Well, let’s look into it, shall we? 

To start, Springer is a career .270/.361/.491 hitter with an on-base-plus-slugging (OPS) of .852 and park-adjusted on-base-plus-slugging (OPS+) of 131. When glancing at Springer’s 2020 season numbers, he slashed .265/.359/.540 with a .899 OPS and 140 OPS+ in 51 games played. Both his OPS and OPS+ numbers ranked first among all qualified batters on Houston’s roster. Additionally, his 14 home runs during the shortened season led the team, as did his 37 runs scored and .540 slugging percentage (SLG). 

While these numbers are all fine and dandy when compared to the rest of the roster on Springer’s former team, where would they rank on his new one? 

When looking at the same statistics, Springer’s OPS and OPS+ would both rank second among all qualified 2020 Blue Jays’ batters (Teoscar Hernandez ranked first in both categories with a .919 OPS and 146 OPS+). His home run totals, runs scored and SLG numbers, meanwhile, would rank second, third, and tied for second, respectively. 

So, by the looks of it, Springer’s 2020 numbers (without even taking his track record into account) rank in the upper echelon on his new team. Where he did the majority of the damage from, however, helps him stand out even more, and should make Toronto fans even more excited. 

Springer batted leadoff in 49 games started last season. In those 49 games, he slashed .266/.358/.543 with a .900 OPS. The entirety of Toronto’s roster, meanwhile, collectively slashed .256/.367/.445 with a .813 OPS in the leadoff spot last season. While this is definitely solid, it only gets better with Springer in the fold. 

Springer’s production at the top of the lineup, however, is only emphasized more when looking at his multi-home run games at leadoff. Among all MLB players dating back to 1901, Springer’s 13 multi-home run games in the leadoff spot are tied for fourth all-time (Bobby Bonds), behind only Alfonso Soriano (19), Betts (15) and Brady Anderson (14). 

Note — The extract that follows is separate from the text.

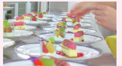
▲昨年の西宮Sweets Liveの様子

西宮洋菓子ブランド発信事業実行委員会は、「西宮洋菓子園遊会～西宮Sweets Live」への参加者を募集します。市内洋菓子店のパティシエが一堂に会し、各パティシエが趣向を凝らしたアシェットデザート(お皿に盛りつけられたデザート)をコースで提供します。

On the topic of home runs, there are also Springer’s postseason home runs to account for. His 19 playoff home runs are tied for fourth all-time (Albert Pujols). Keep in mind, though, that this production is in only 292 plate appearances – Springer is the only player inside the top five to hit at least 19 home runs in less than 300 plate appearances. Scandal or not, the power has been there. 

While Toronto’s lineup was already formidable to begin with, they decided to double down and not only bring in an upgrade, but an experienced one who has had a knack for hitting explosively atop the lineup. 

While the jury might be out on an expensive signing of this magnitude, the results of the player speak for itself. 2017 controversy or not, there is no doubt about it. 

Maybe, just maybe, those results bring such a positive impact that, similarly to the Cubs and Dodgers before, the Blue Jays take that much coveted next step toward playoff prominence once more.